» WHAT YOU HAVE TO DO:
If pictures appear among the lines below, leave them out while you return exactly the lines from the one with "Их можно найти" through the one with "Piumino in Piume".

» INPUT FOR THIS TASK:
Content starts
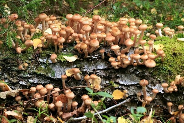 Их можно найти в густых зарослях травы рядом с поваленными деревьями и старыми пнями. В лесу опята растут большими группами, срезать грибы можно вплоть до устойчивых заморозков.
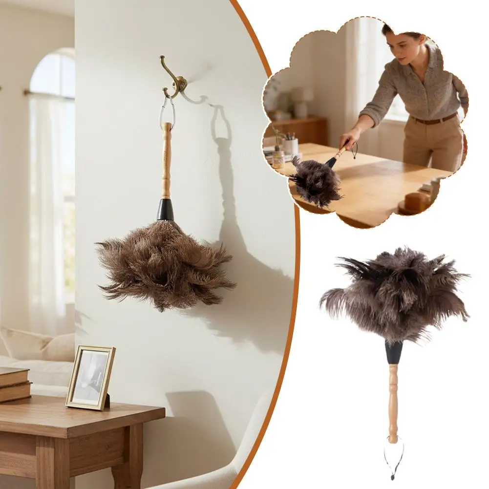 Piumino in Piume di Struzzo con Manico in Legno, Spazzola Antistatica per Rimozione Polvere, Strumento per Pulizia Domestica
Content ends
Content starts
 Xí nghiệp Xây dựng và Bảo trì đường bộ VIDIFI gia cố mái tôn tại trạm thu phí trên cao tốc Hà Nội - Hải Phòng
Content ends
» RESPONSE FOR THIS EXERCISE:
 Их можно найти в густых зарослях травы рядом с поваленными деревьями и старыми пнями. В лесу опята растут большими группами, срезать грибы можно вплоть до устойчивых заморозков.
 Piumino in Piume di Struzzo con Manico in Legno, Spazzola Antistatica per Rimozione Polvere, Strumento per Pulizia Domestica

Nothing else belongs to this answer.